Thuistezien 167 — 04.02.2021

Pontus Kyander
Gustav Metzger as artist/activist


For the symposium ‘Gustav Metzger: The Conscience of the Art World’ in 2018, West Den Haag invited the Finnish curator and art writer Pontus Kyander who has known Gustav Metzger since 2001 and has curated a number of shows with Metzger’s works. In his talk, Kyander introduces the audience to the early years of Metzger’s life and artistic career, with the focus on how Metzger’s evolvement into becoming an artist activist is a prime concern. It is Kyander’s intent to do so with a straight forward and linear narrated story about the highlights and turning points of Metzger’s life and career in which he emphasizes the use of Metzger own words to make his points more precise.

Kyander’s discourse starts in Nürenberg, Germany where Metzger was born in 1926. The city then was an interesting melting pot because it, at one hand, inhabited the one of the largest Jewish communities of Bavaria and, on the other, happened to be the center for a highly active nazi community, which escalated when the nazi regime chose Nürenberg as a symbolic city, perfectly situated for their celebrations and rallies. While it may be seen as a disturbing place to grow up for the Jewish born Metzger but, the artist believes the place gave him the best education in art since the staged mass displays of lights, of impressive flags and uniforms, in fact, all has to do with art and design.

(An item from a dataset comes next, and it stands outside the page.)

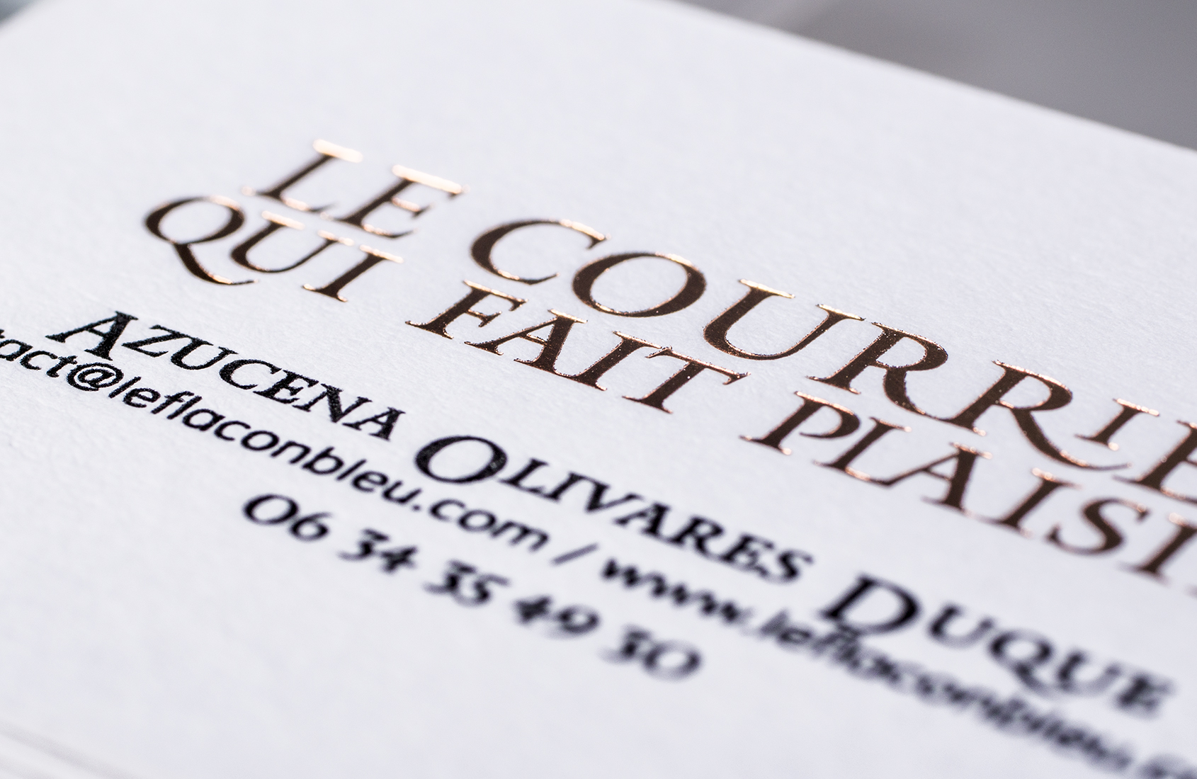 Impression monochrome Recto/Verso accompagnée d’une dorure à chaud cuivre sur leVerso. Imprimées sur papier G.F Smith Colorplan Bright White Dapple 700g.

What follows is an in-depth examination of Metzger’s life until 1962. We follow his journey from joining activists movements in Leeds with socialist activist Wilhelm Reich as an role figure, to having an art hiatus and earn his living through opening a second hand store in the countryside of England and to, eventually, discover his interest in auto destructive art after seeing the exhibition ‘This Is Tomorrow’ at Whitechapel Gallery in 1955. As Kyander points out, Metzger had an interest in the process that goes on in the material less than in the performance of the artist. He becomes fascinated by the aesthetic of revulsion which is made physical in his acid paintings. The interest in natural decay is also motivated by the effect it has on the art dealer’s system. As he points out, auto-destructive art opposes not only the emotional and intellectual artistic plane but also the economic and it directly undermines their system in many ways. It is with a great amount of words that Metzger demonstrates his points and ideas about art with no less than 5 manifestos made between 1959 and 1962. And, as Kyander ends up with suggesting, it is interesting to notice how Metzger brought forward not only a highly activist political language but also a very poetic language in his writing. Metzger was, first of all, an artist but it is clear that he was a writer as well.